Единственное исключение составляло большое «зало» — гостиная, где отец принимал своих знакомых и родственников и где самое почетное место занимала сувенирная коллекция, привезенная из Америки и Европы. Она помещалась в большом застекленном ящике-параллелепипеде из черного дерева и была составлена, как писал Шаламов, «по знаменитому принципу Музея естественной истории в Нью-Йорке, где бывал отец», — принципу подлинности: «индейские стрелы, алеутские топоры, культовые предметы эскимосов и алеутов — маски шаманов и орудия еды, моржовый клык во всем его желтоватом блеске лежали тут же…»
Договорившись не пересказывать автобиографические произведения Шаламова, в данном случае «Четвертую Вологду» — пусть читатель сам насладится ее блестящей подробной достоверностью, — остановимся лишь на самом существенном, заключенном в ней, а также и в неопубликованных набросках к этой книге.
Коллекция, как замечал Шаламов, «вполне отвечала тщеславию отца». Но ее важнейшая роль, по иронической формулировке писателя, состояла в том, что она «должна была высечь искру из моего "медного лба", чтобы загорелся свет не столько божий, сколько Прометеев… Лбы моих братьев, наверное, уже были испытаны этим домашним музеем и не дали желаемого результата…».
Самое существенное здесь то, что отец, считавший себя «великим педагогом», был сторонником весьма жестких методов воспитания и рассматривал каждого нового ребенка в семье как повод для очередного эксперимента. Очевидно, что в этом тоже сказался прагматизм о. Тихона, приобретенный в Америке. Среди других следов этого влияния можно выделить и его «ненависть к пустым разговорам», и свою манеру одеваться («Короче! Короче!» — эти приказы касались не только прически, но и рясы), и, пожалуй, самое главное — всегдашнее стремление к «паблисити», к тому, чтобы демонстрировать свои умения, свое превосходство перед другими («скромность отец не считал достоинством»). Наиболее красочно это проявлялось в знаменитом на всю Вологду «спектакле», когда отец выходил во двор дома и на глазах зевак и желающих поучиться приступал к сложным столярным работам — наращиванию бортов очередной лодки. «Поп с рубанком!» — эта неслыханная для Вологды (да, пожалуй, и для всей России) картина была своего рода вызовом провинциальному общественному мнению, а также и вызовом всему степенному православному сообществу.

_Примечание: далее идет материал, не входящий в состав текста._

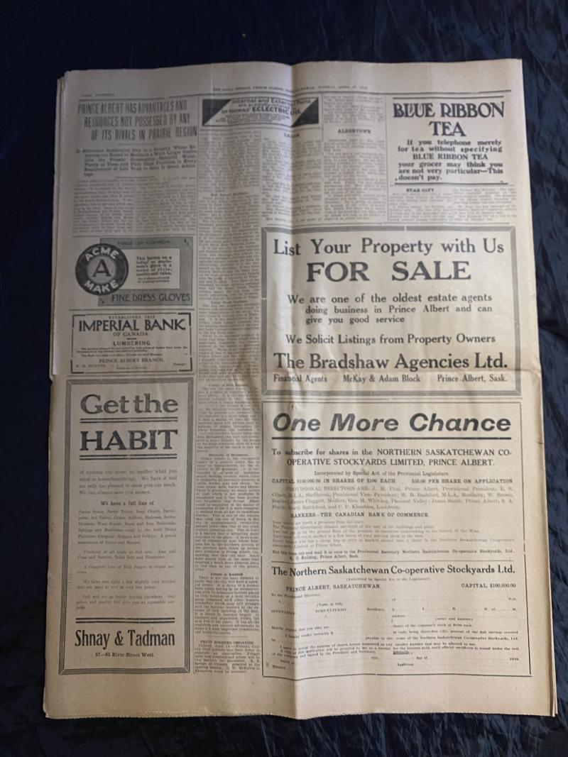 This is a 1919 dated Prince Albert Herald newspaper which talks about the Peace Conference and has other stories.

С основанием иронизируя над склонностью отца к театральности, Шаламов, как представляется, все же недооценил (или недопонял, или понял слишком односторонне) эту грань его новоприобретенной «американской деловитости», не увидел ее связи со всем смыслом кипучей деятельности отца после возвращения с Кадьяка. Что значили, скажем, разнообразные домашне-хозяйственные увлечения и новации, казалось бы, вполне благополучного соборного священника? Наверное, вся его масштабная деятельность — с содержанием при доме коз, свиней, гусей, уток, кур, с постоянными выездами на рыбалку, с обязательными припасами в подвале и столь же обязательным привлечением детей к хозяйству (то, что писатель резюмирует резкими словами: «И все это я ненавидел»), — если и служила пресловутому «паблисити», то очень косвенно. Скорее можно полагать, что она была направлена прежде всего на поддержание благополучия семьи, а также на сохранение независимого положения на церковной службе. Подчеркивая, что служба в городском соборе устраивала отца тем, что позволяла обойтись без нелюбимых им «пошлых» треб по домам с непременными угощениями, Шаламов, по-видимому, не вполне осознавал значение хозяйства как единственной возможности для отца сохранить то и другое.